Popowicz chce odwołać Kwiatkowskiego
Złożenie na wtorkowym posiedzeniu rady nadzorczej TVP wniosku już nie o zawieszenie, a o odwołanie prezesa TVP Roberta Kwiatkowskiego zapowiedziała w rozmowie z członkini rady Anna Popowicz.
24.03.2003 20:20
Dwukrotnie bezskutecznie wnioskowała ona na forum rady o zawieszenie Kwiatkowskiego. Wskazywała, że o zawieszenie apelowała jednogłośnie komisja śledcza badająca sprawę Rywina. Członkini rady obawiała się m.in., że fakt, iż Kwiatkowski jest świadkiem w sprawie Rywina przed komisją śledczą, może zaważyć na rzetelności relacji TVP z posiedzeń komisji. Argumenty Popowicz nie przekonały jednak większości członków rady, według których póki nie ma konkretnego zarzutu wobec Kwiatkowskeigo ws. Rywina, zawieszenie to jest bezpodstawne. Sam Kwiatkowski zapowiadał, że nie zrezygnuje z pełnienia swojej funkcji, ponieważ wydałby tym samym wyrok sam na siebie, a uważa, że jest niewinny.
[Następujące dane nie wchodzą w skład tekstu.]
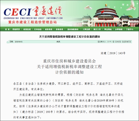 二、渝建〔2019〕143号 重庆市住房和城乡建设委员会关于适用增值税新税率调整建设工程计价依据的通知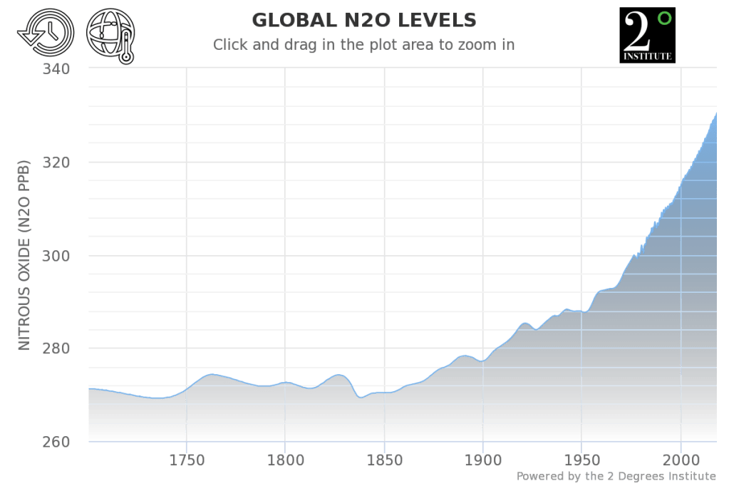Oxid dusný neboli rajský plyn má ještě mnohem silnější skleníkový efekt než methan, a to hlavně proto, že v atmosféře zůstává zhruba 10x déle, neboli 100 let. GWP oxidu dusného za těchto sto let činí 298, je tedy zhruba 300x silnější, než oxid uhličitý. Většina emisí tohoto plynu pochází ze zemědělství, například z hnojiv na bázi dusíku. Naštěstí je nárůst koncentrací tohoto plynu pomalejší, než u methanu a CO2, od začátku industriální revoluce se jeho koncentrace zvýšila ‘jen’ o 22 %.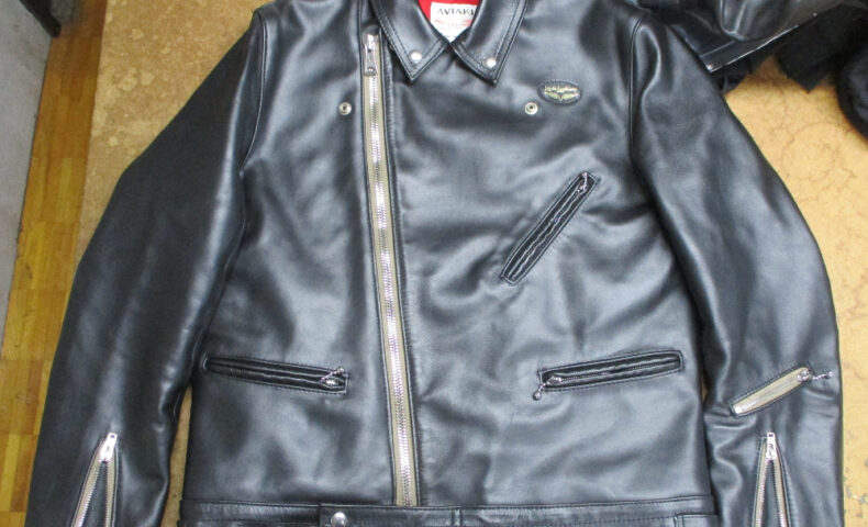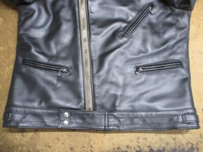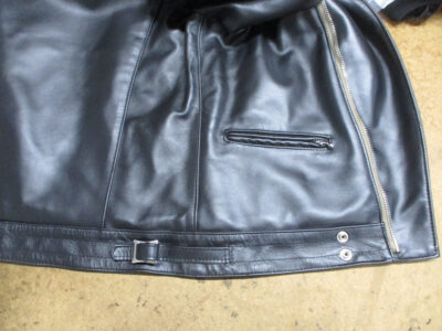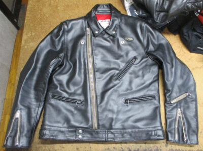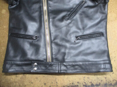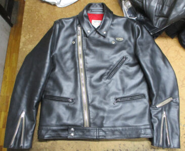 1枚目は来店されたお客さんの裾幅を細くしていく前のライダースジャケットの写真です。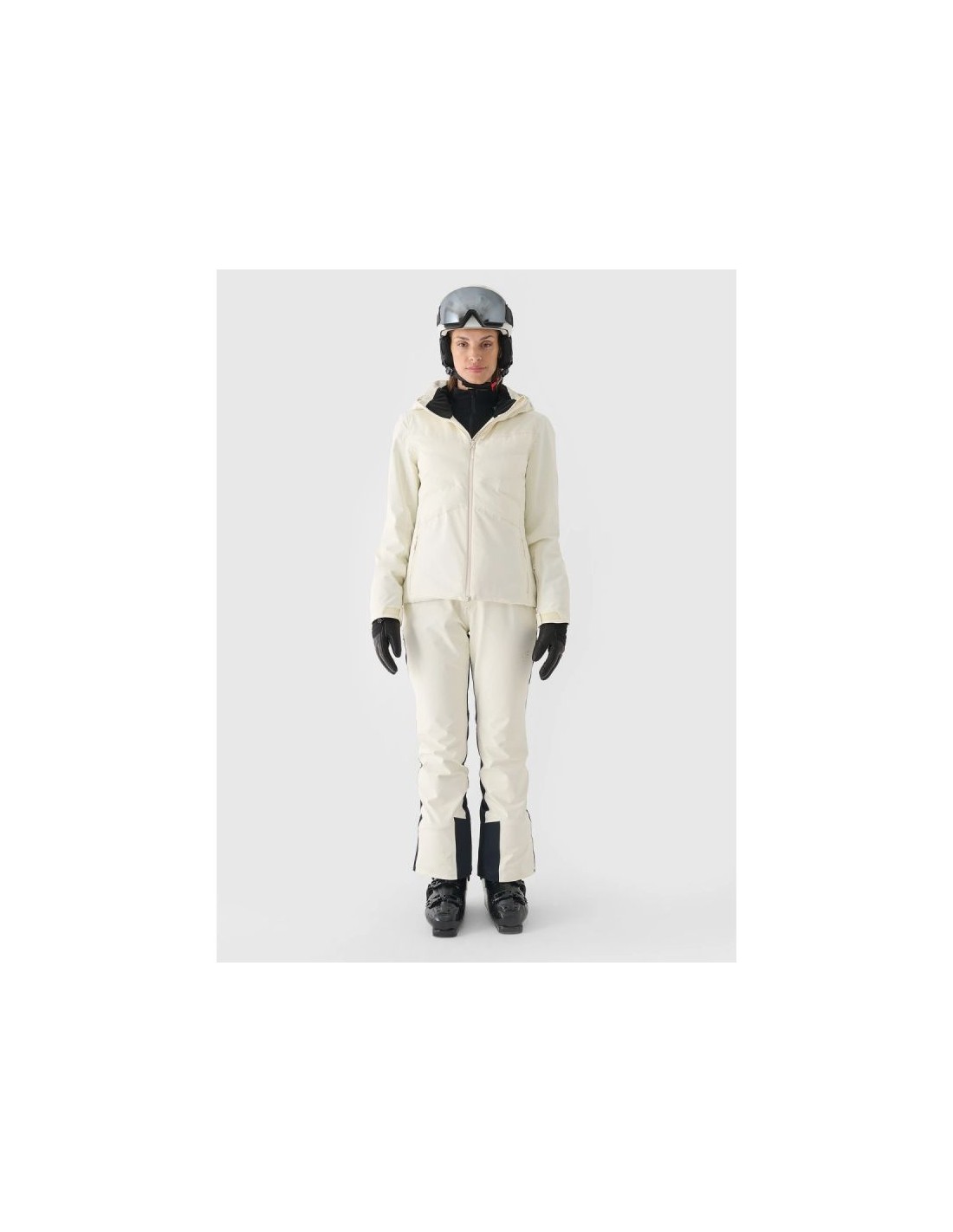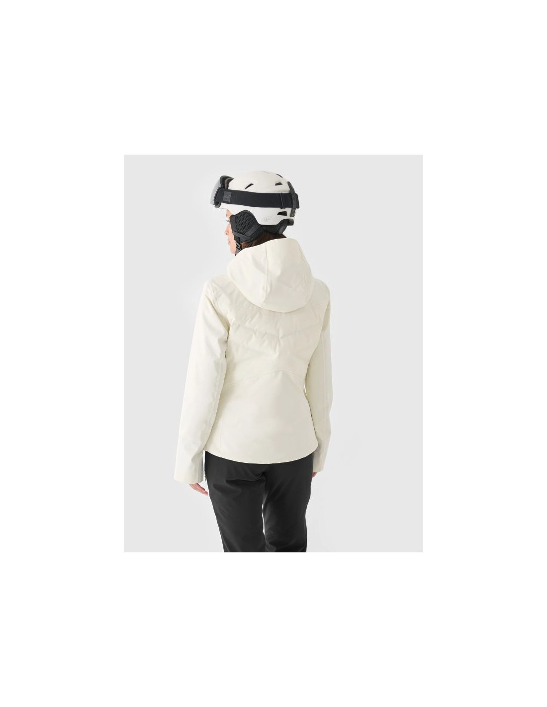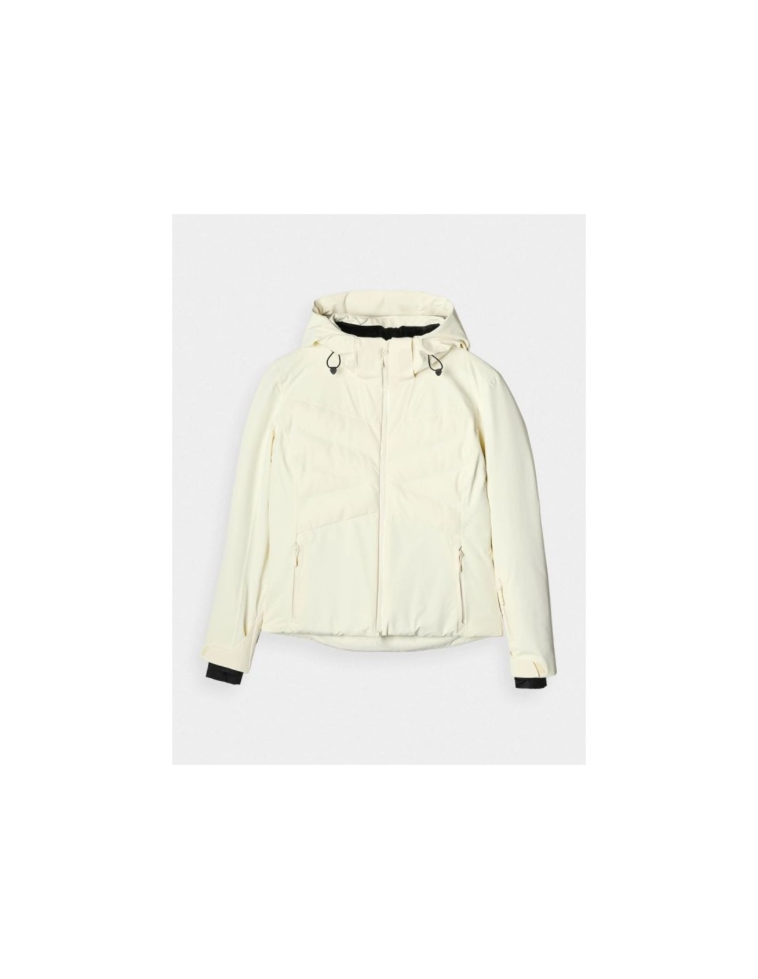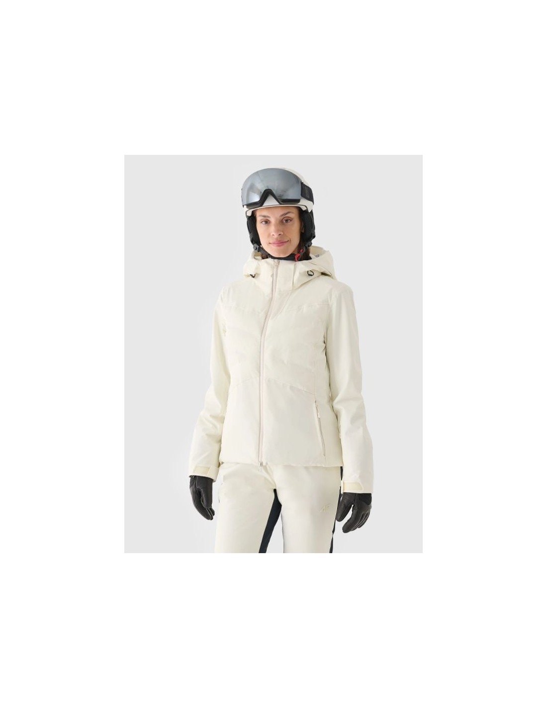 Women's 4F ski jacket with hood - Dermizax 20000, PrimaLoft The 4F women's ski jacket is a technologically advanced model designed for intense winter activities on the slopes. The regular cut and standard hip length ensure a comfortable fit and complete freedom of movement. The combination of a Dermizax 20,000 membrane , PrimaLoft insulation , and flexible 4Way Stretch material guarantees effective protection against wind, snow, and moisture, maintaining thermal comfort for long hours of skiing. This premium jacket is designed for women who expect maximum functionality and reliability in challenging weather conditions. PRODUCT FEATURES: Cut: regular, comfortably fitting to the figure Size range: XS–XXL Material: elastic 4Way Stretch Seams: fully taped, waterproof Coating: hydrophobic impregnation + Teflon Shield Insulation: PrimaLoft ThermoPlume (front/back panels) + PrimaLoft Silver Hood: detachable, with volume and depth adjustment Collar: high, lined with soft plush Cuffs: adjustable with Velcro + inner cuffs with thumb hole Ventilation: underarm, adjustable with a zipper Pockets: 2 side pockets with laminated zippers Internal pockets: goggle pocket + zipped pocket Main zipper: two-way, waterproof, with a wind flap Snow skirt: detachable, adjustable with snaps Battery Guard Pocket: With PrimaLoft insulation to protect your phone battery Extras: silicone elements on the shoulders for easier transport of skis Security: internal patch with SOS instructions PRODUCT PARAMETERS: Membrane: Dermizax 20000 Water resistance: 20,000 mm H2O Breathability: 10,000 g/m²/24h Filling: PrimaLoft ThermoPlume + PrimaLoft Silver (100% polyester)

Od czasu ostatniego posiedzenia rady nadzorczej TVP komisja śledcza ponownie jednak zaapelowała jednogłośnie o zawieszenie Kwiatkowskiego. W poniedziałek szef komisji Tomasz Nałęcz (UP) powiedział, że Kwiatkowski utracił wiarygodność publiczną i powinien podać się do dymisji. Zdaniem Nałęcza, oświadczenie jakie Lew Rywin przekazał prezydentowi i inne dowody wskazują na "głębokie zaangażowanie" Kwiatkowskiego w tej sprawie.
Popowicz przyznała, szanse na odwołanie Kwiatkowskiego są niewielkie. W ostatnim głosowaniu o zawieszenie - Popowicz poparł tylko jeden członek rady. Głosowanie przeciw odwołaniu zapowiedział już w rozmowie z Bolesław Sulik.(ck)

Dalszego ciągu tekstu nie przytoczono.